DATA EXTRACT:
══════════════════════════════

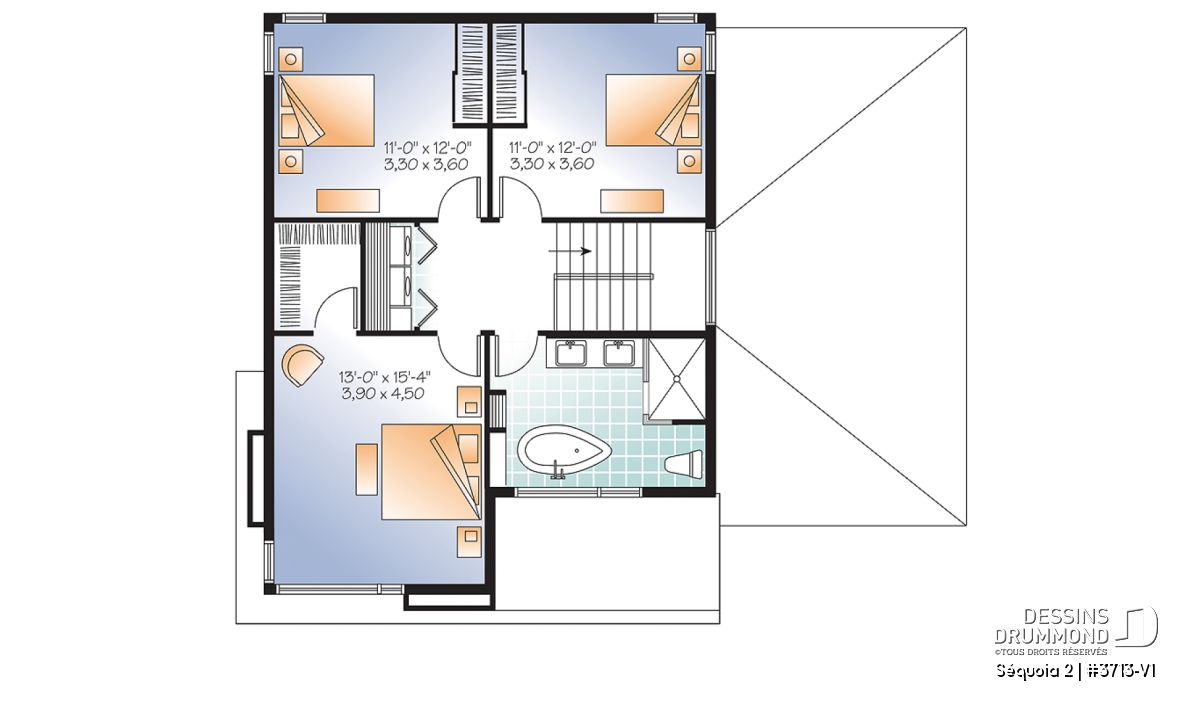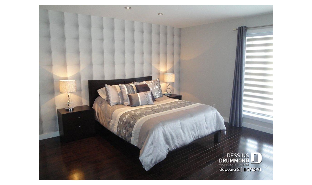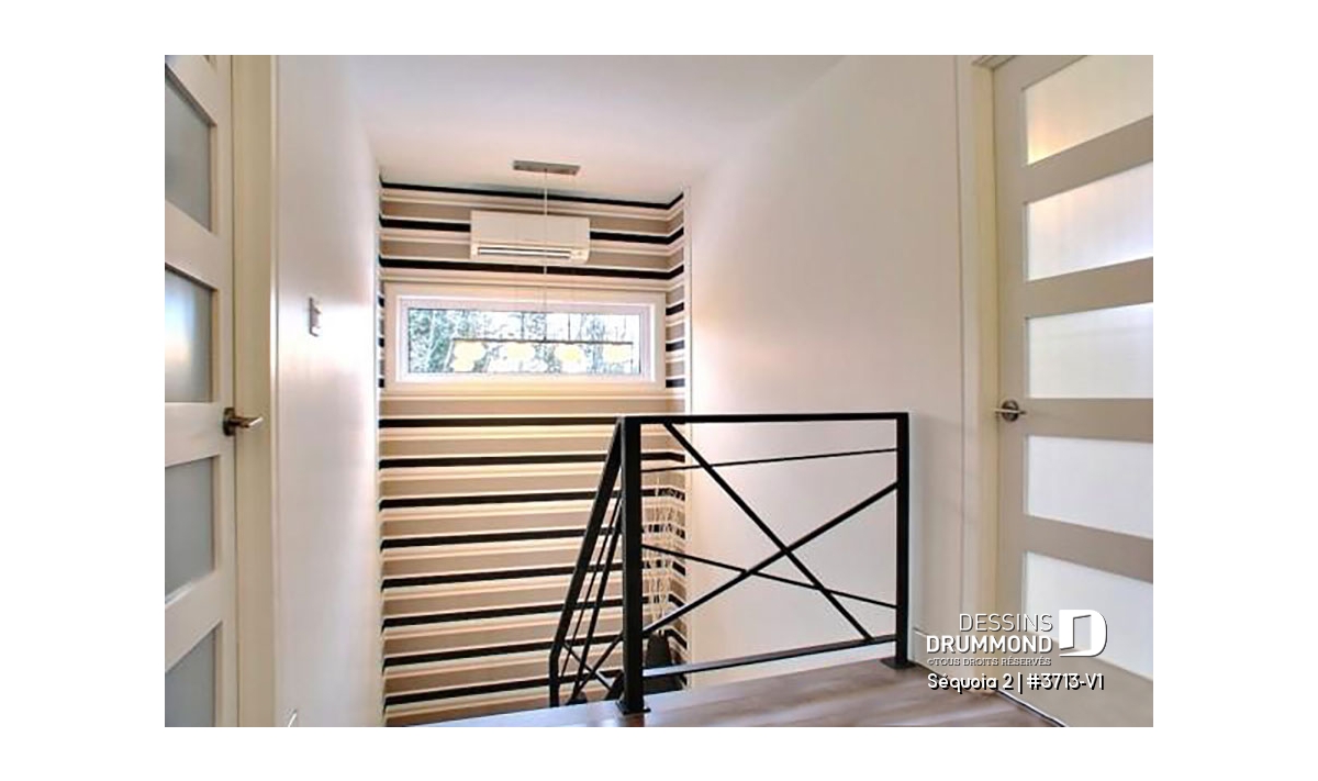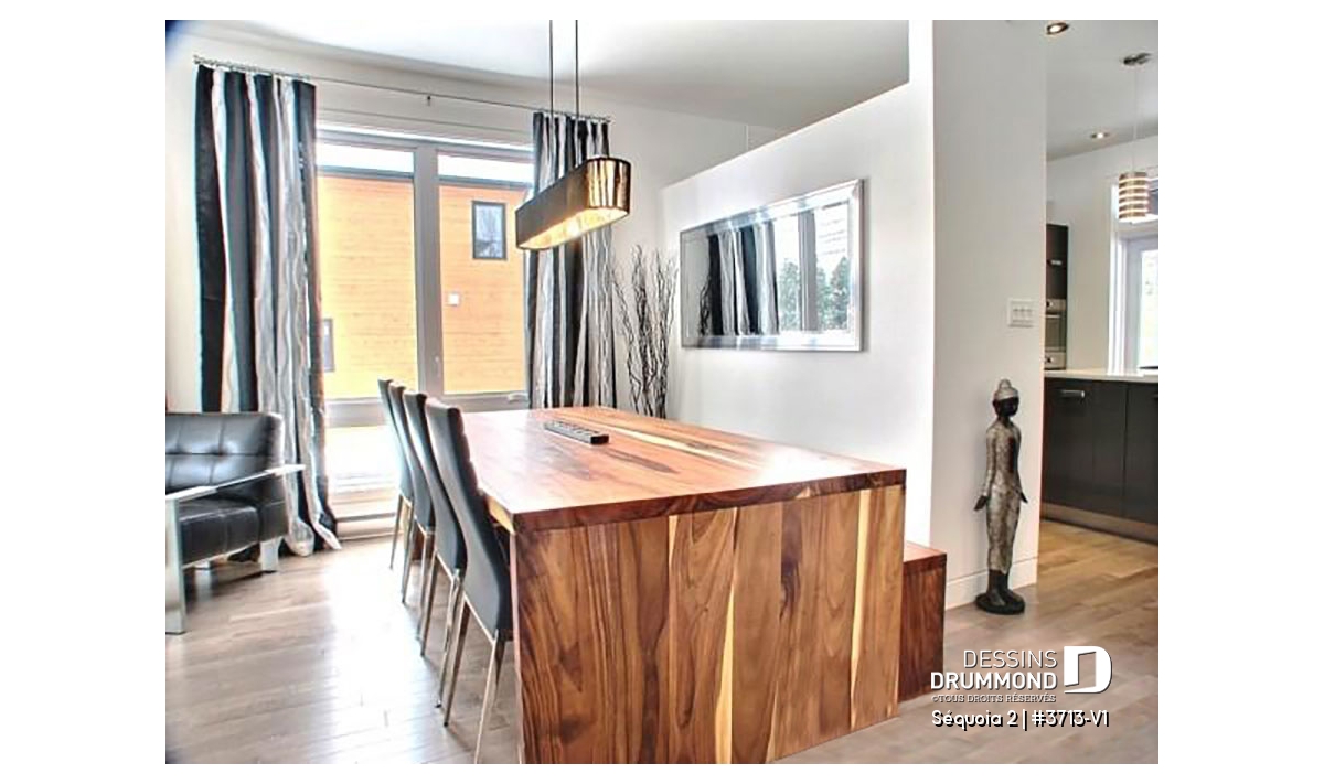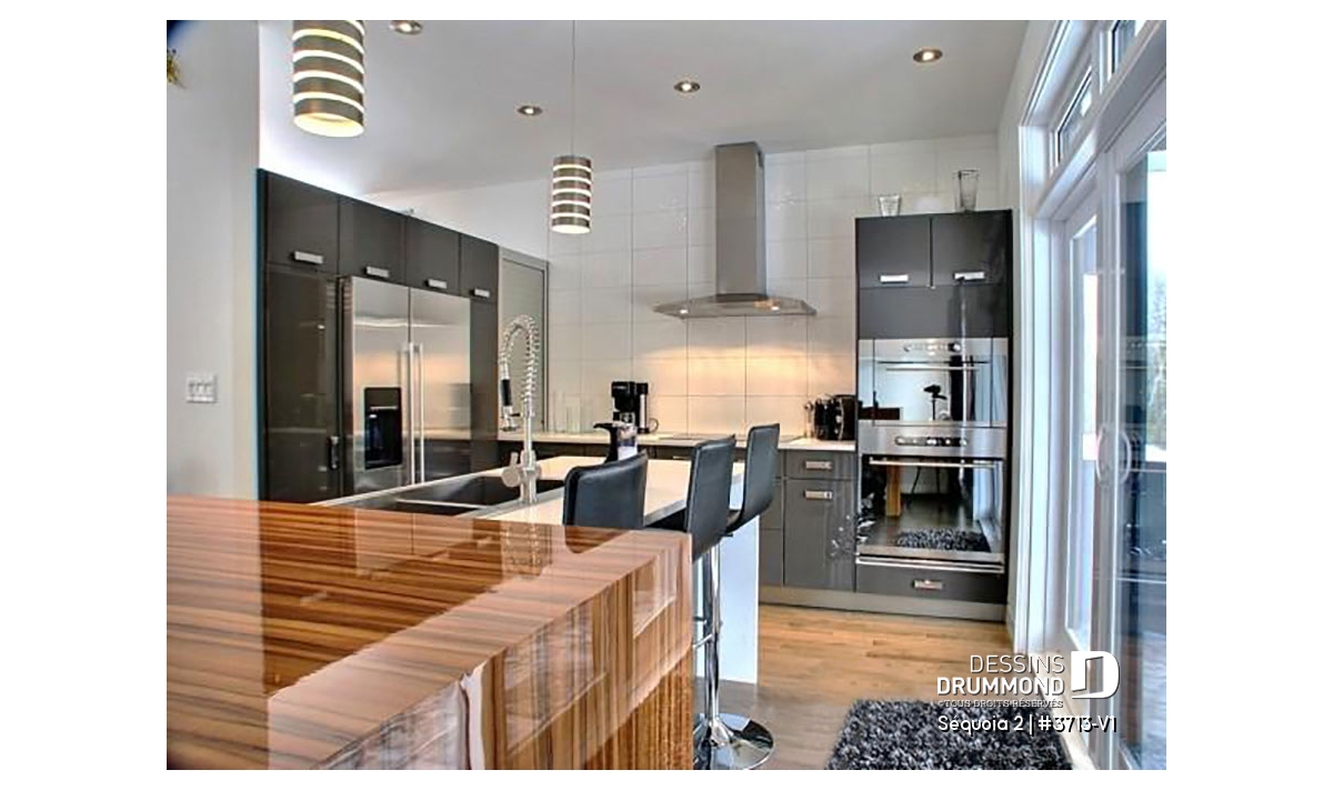 À l’intérieur, mis à part cette entrée de service en provenance du garage, ce plan reçoit les mêmes attributs que le plan 3713 dont il origine soit : un plafond à 9’ sur tout le rez-de-chaussée, un foyer contemporain à la salle de séjour, une cuisine avec îlot-lunch de 8pi x 3pi. et coin séjour attenant, des chambres de bon format avec garde-robes adéquates dont un walk-in à la chambre des maîtres et finalement, une salle de bain attrayante avec douche indépendante de 42po x 60po.
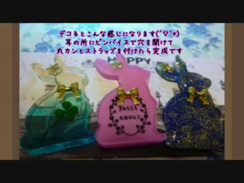 ウサギのシリコン型で<br />いろいろなタイプのストラップを作ってみました。<br /><br />minneにて一部販売中です(`・ω・´)ゞ<br /><a href="https://minne.com/nagisa1219" target="_blank" rel="noopener nofollow">https://minne.com/nagisa1219</a><br />封入するものや、色によって様変わりする<br />ウサギちゃんをご覧ください(`・ω・´)ゞ<br /><br />今までの動画<br />アリス系ストラップ⇒<a href="https://www.nicovideo.jp/watch/sm25676493" class="watch">sm25676493</a><br />ベイマックス ⇒<a href="https://www.nicovideo.jp/watch/sm25708836" class="watch">sm25708836</a><br />香水瓶と歯車 ⇒<a href="https://www.nicovideo.jp/watch/sm25737829" class="watch">sm25737829</a><br />パンダ ⇒<a href="https://www.nicovideo.jp/watch/sm25763692" class="watch">sm25763692</a><br /><br />ツイッター⇒<a href="https://twitter.com/nagisa_mate" target="_blank" rel="noopener nofollow">https://twitter.com/nagisa_mate</a>
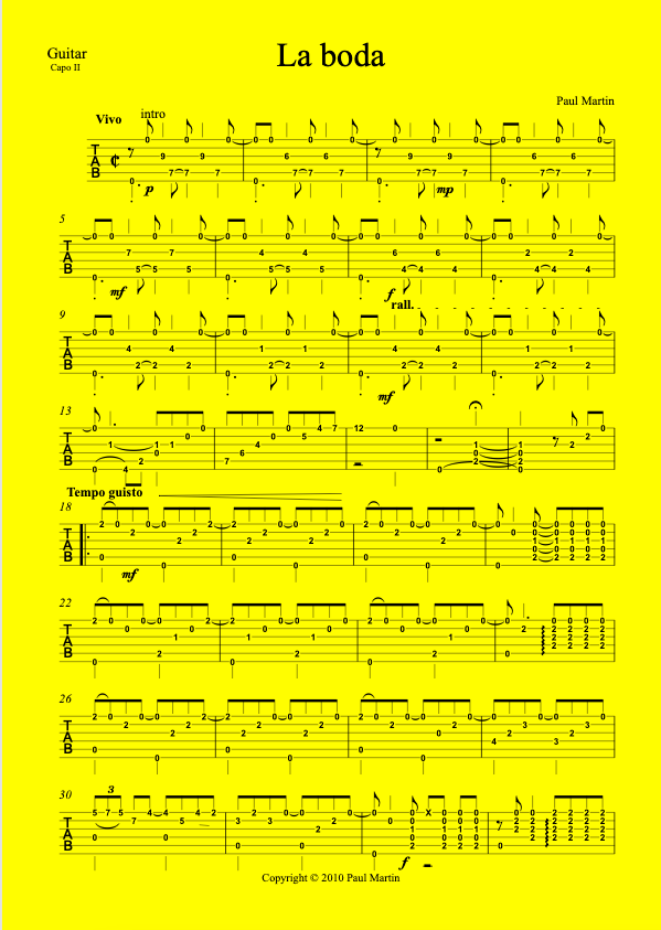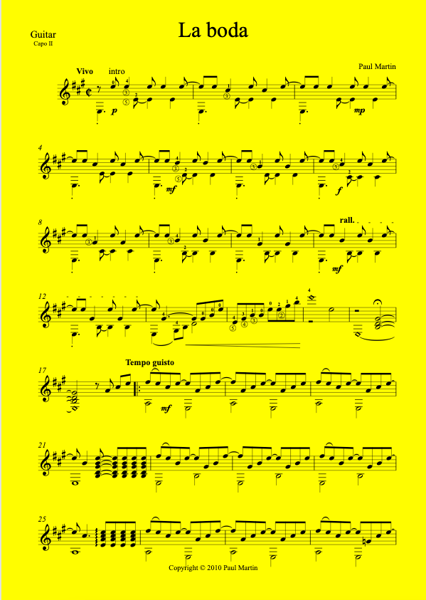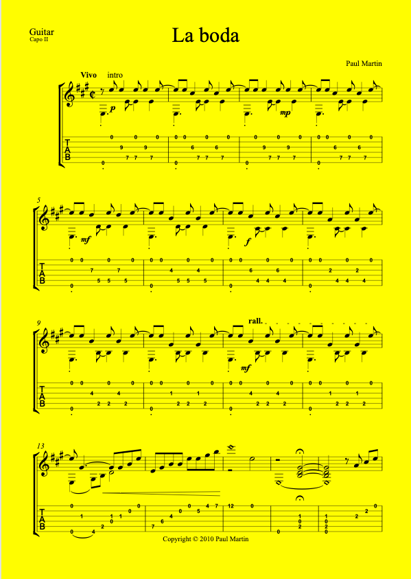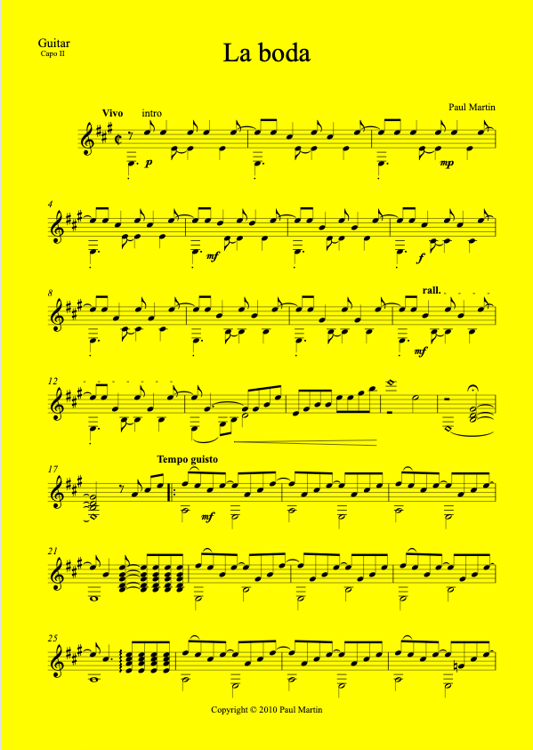 Many years ago we had a family wedding in the mountains of north Spain. It was a very dynamic and memorable occasion naturally blurred by a good Rioja and warmed by plenty of Spanish sunshine. 'La Boda' brings the memory back to life on the guitar, hence the name.

══════════════════════════════

WORK TASK: Each line above is to be copied verbatim. Drop any image from the copy.

RESPONSE BOX:
 À l’intérieur, mis à part cette entrée de service en provenance du garage, ce plan reçoit les mêmes attributs que le plan 3713 dont il origine soit : un plafond à 9’ sur tout le rez-de-chaussée, un foyer contemporain à la salle de séjour, une cuisine avec îlot-lunch de 8pi x 3pi. et coin séjour attenant, des chambres de bon format avec garde-robes adéquates dont un walk-in à la chambre des maîtres et finalement, une salle de bain attrayante avec douche indépendante de 42po x 60po.
 ウサギのシリコン型で<br />いろいろなタイプのストラップを作ってみました。<br /><br />minneにて一部販売中です(`・ω・´)ゞ<br /><a href="https://minne.com/nagisa1219" target="_blank" rel="noopener nofollow">https://minne.com/nagisa1219</a><br />封入するものや、色によって様変わりする<br />ウサギちゃんをご覧ください(`・ω・´)ゞ<br /><br />今までの動画<br />アリス系ストラップ⇒<a href="https://www.nicovideo.jp/watch/sm25676493" class="watch">sm25676493</a><br />ベイマックス ⇒<a href="https://www.nicovideo.jp/watch/sm25708836" class="watch">sm25708836</a><br />香水瓶と歯車 ⇒<a href="https://www.nicovideo.jp/watch/sm25737829" class="watch">sm25737829</a><br />パンダ ⇒<a href="https://www.nicovideo.jp/watch/sm25763692" class="watch">sm25763692</a><br /><br />ツイッター⇒<a href="https://twitter.com/nagisa_mate" target="_blank" rel="noopener nofollow">https://twitter.com/nagisa_mate</a>
 Many years ago we had a family wedding in the mountains of north Spain. It was a very dynamic and memorable occasion naturally blurred by a good Rioja and warmed by plenty of Spanish sunshine. 'La Boda' brings the memory back to life on the guitar, hence the name.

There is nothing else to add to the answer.